● **About this task**: Only a verbatim restatement of the lines from the one with "ヨーロッパのリネンに再生ポリ" through the end of the listing below is wanted. Pictures should be left out.

● **Records supplied**:
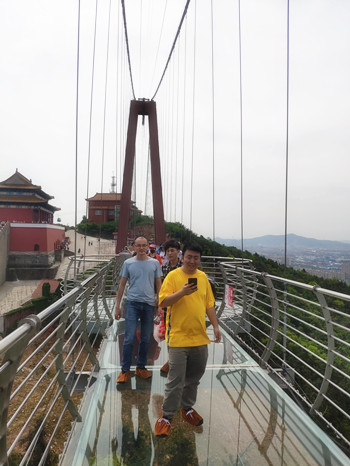 青,是綠色,是生命的顏色;春,是季節,是成長的季節;青春就是出生在成長季節的那片生命的綠色,是陽光下那片燦爛的笑容。它是美好的,也是短暫的,即使它像一顆流星,我們也要努力讓它成為一次輝煌的閃現,不懼艱難困險,敢于拼搏。 在五四運動100周年這個具有特殊意義的時刻,前友青年員工開啟了一場“青春力量,挑戰自我”的華西玻璃棧道主題活動。 華西玻璃棧道坐落于華西世界探險公園內,高山之上,玻璃棧道懸起,群山環抱,景象萬千。一座從“天安門”到“山海關”的玻璃棧道,總長518米,是目前世界上最長的玻璃橋,人踩上去玻璃不僅會出現碎裂效果,走到哪兒,裂到哪兒,就算你閉眼,還能聽到“咔嚓咔嚓”的碎裂聲,驚悚程度Max!刺激程度Max!恐怖程度Max!走在玻璃棧道上來一次漫步云端的感受,更有3D特效讓你感受心跳加速。 挑戰自我是青年人的特質,青春孕育著無窮無盡的能量等著我們去開采,去挖掘,去釋放。正如習近平總書記在紀念五四運動100周年大會上說的那樣:“積極擁抱新時代、奮進新時代,讓青春在為祖國、為人民、為民族、為人類的奉獻中煥發出更加絢麗的光彩”!
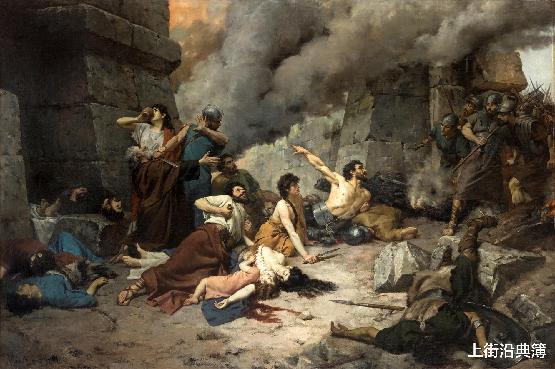 直到公元前 133 年,罗马派出灭亡迦太基的名将小西庇阿,统帅6万重兵围困小城15个月才攻破小城。大多数守军都选择自杀,并焚烧了城市,让罗马人得到的是一座空城和废墟。(上图,破城自杀场景)
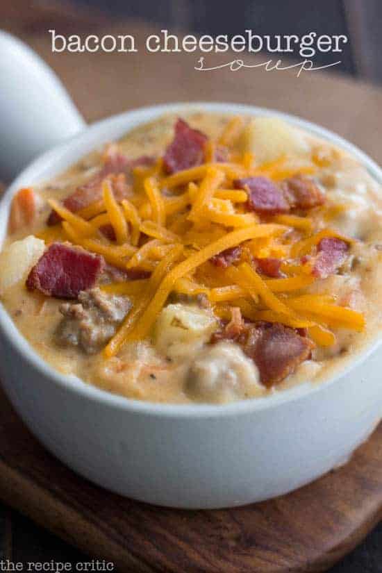 This website or blogger of the recipe critic has the best recipes! Bacon cheeseburger soup is 10 of 10 and I’ve tried other recipes from this site everything is A+
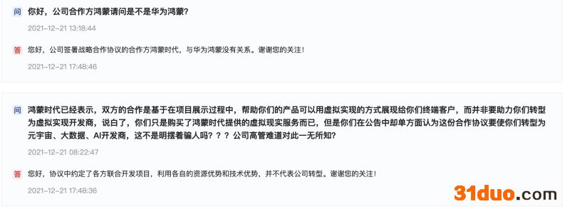 深交所同时表示,12 月 21 日,多篇媒体报道以“华为鸿蒙”、“华为引爆” 等标题对中装建设本次战略合作协议进行解读,需说明本次战略合作方深圳鸿蒙时代虚拟现实技术有限公司与华为是否存在关联。
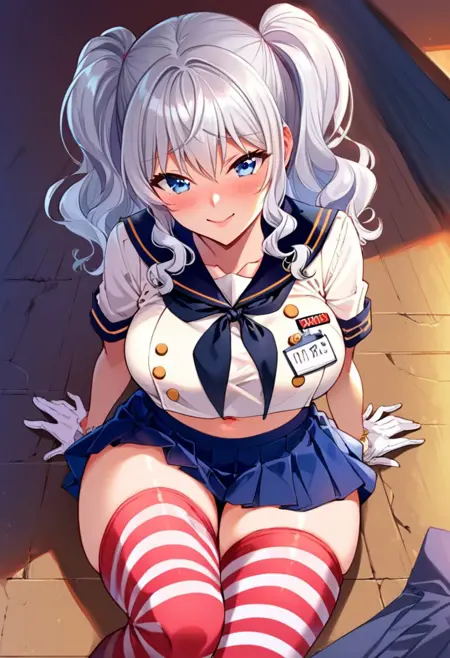 | 训练词汇 | Base: Kashima, twin tails, long hair, silver hair, blue eyes, pale skin, large breasts,已复制! Outfit: black hair ribbon, sailor collar, navy blue bow, white cropped jacket, gold buttons, navy blue pleated skirt, thigh-high stockings, white gloves, (red-white striped stockings),已复制! |
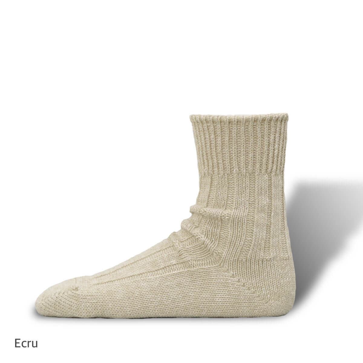 ヨーロッパのリネンに再生ポリエステルを混紡した糸で編み立てた環境にも優しいサスティナブルなリネンソックス。
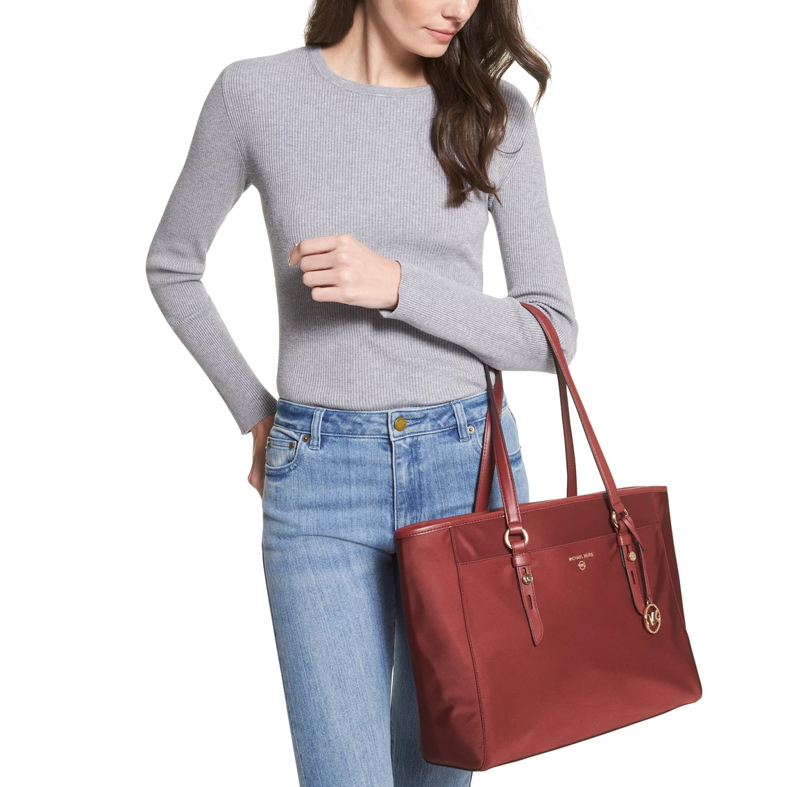 Carry your essentials in style. Meet the Sullivan Large Tote with a zip top. This beautiful tote in Brandy is perfect, featuring two side exterior pockets for quick access to your essentials. 18K hardware. Dust bag included.
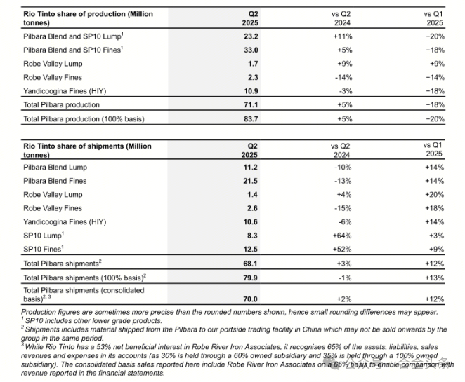 2025年力拓皮爾巴拉鐵礦石發(fā)運量目標(100%)維持3.23-3.38億噸不變。
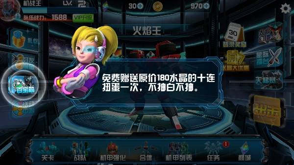 4、过掉第一关后可以到游戏大厅点击百宝箱免费抽取扭蛋啦。
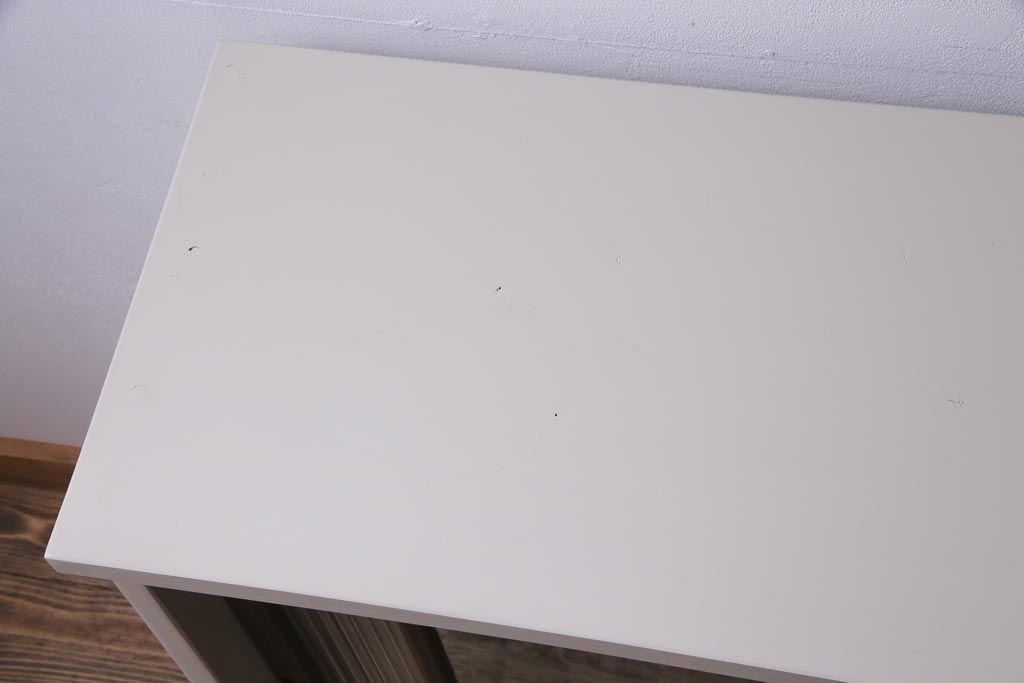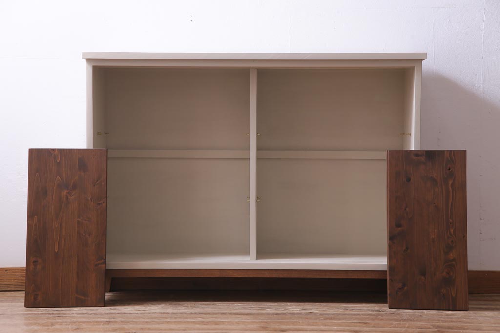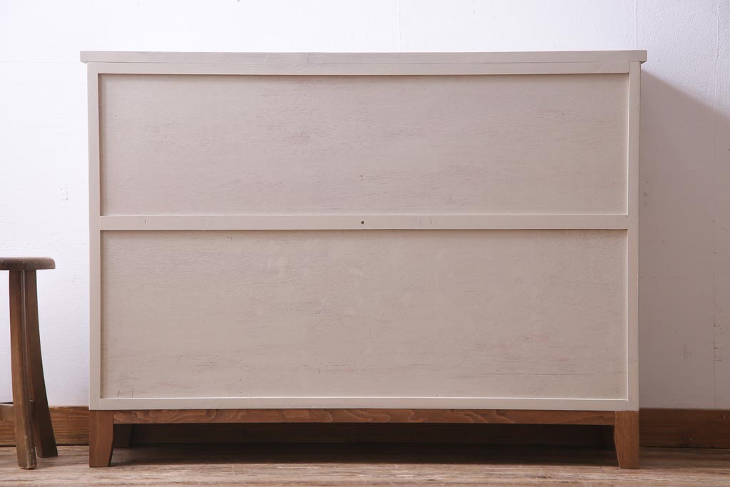 ペイント家具 古建具リメイク モールガラス・ダイヤガラス 優しげであたたかみ感じる収納棚(ガラス戸棚、サイドボード)です。

● **Exercise output**:
 ヨーロッパのリネンに再生ポリエステルを混紡した糸で編み立てた環境にも優しいサスティナブルなリネンソックス。
 Carry your essentials in style. Meet the Sullivan Large Tote with a zip top. This beautiful tote in Brandy is perfect, featuring two side exterior pockets for quick access to your essentials. 18K hardware. Dust bag included.
 2025年力拓皮爾巴拉鐵礦石發(fā)運量目標(100%)維持3.23-3.38億噸不變。
 4、过掉第一关后可以到游戏大厅点击百宝箱免费抽取扭蛋啦。
 ペイント家具 古建具リメイク モールガラス・ダイヤガラス 優しげであたたかみ感じる収納棚(ガラス戸棚、サイドボード)です。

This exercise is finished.